Exactly three years to the day after the Temple’s altar had been desecrated, the restored Temple was rededicated, but it could have been done two months earlier. The reason for the delay is quite interesting. Apparently, Judah Maccabee, the leader of the revolt, believed that they were living out Daniel 7:25, and the date Daniel prophesied was Tishrei (Sept.–Oct.), the seventh month on the Jewish calendar. Judah also knew that the two Temples had been dedicated during Sukkot (Feast of Tabernacles) that month, so he waited until then to see if God would miraculously send a new Temple down from heaven. When it didn’t happen, they celebrated Sukkot two months later in Kislev (Nov.–Dec.). Some believe that this connection to Sukkot is the reason why Hanukkah is celebrated for eight days, as Sukkot is also celebrated for eight days.
Tabernacle and Temple dedications, as described in Scripture, were amazing events. The dedication of the First Temple was perhaps the most spectacular. “When Solomon had finished praying, fire came down from heaven and consumed the burnt offering and the sacrifices; and the glory of the LORD filled the temple. And the priests could not enter the house of the LORD, because the glory of the LORD had filled the LORD’s house.

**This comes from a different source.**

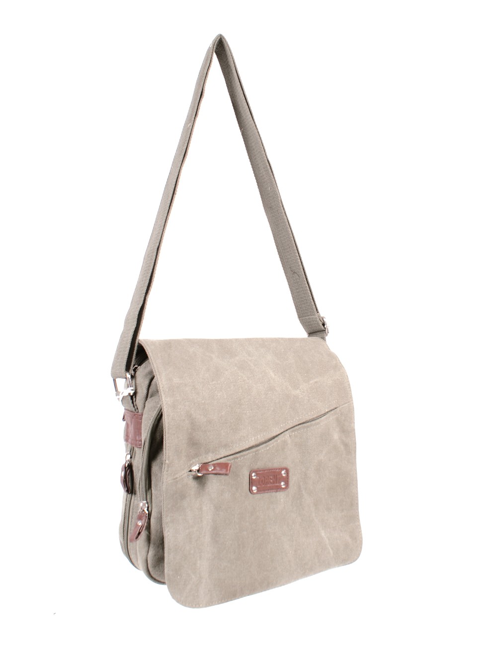 Canvas shoulder bag with zipped pocket on front flap. Bag has one main section with a front and back zipped pocket. Pouches inside the bag and has an adjustable shoulder strap.

When all the children of Israel saw how the fire came down, and the glory of the LORD on the temple, they bowed their faces to the ground on the pavement, and worshiped and praised the LORD…” (2 Chron. 7:1–3).
The Apostle Paul tells us that our bodies are the “temple of the living God” (1 Cor. 3:16; 2 Cor. 6:16). If you enjoy lighting the hanukkiah (eight-branch candelabra), you might consider saying a prayer of rededication for your “temple.” If you’re feeling really bold…ask for fire to fall from heaven!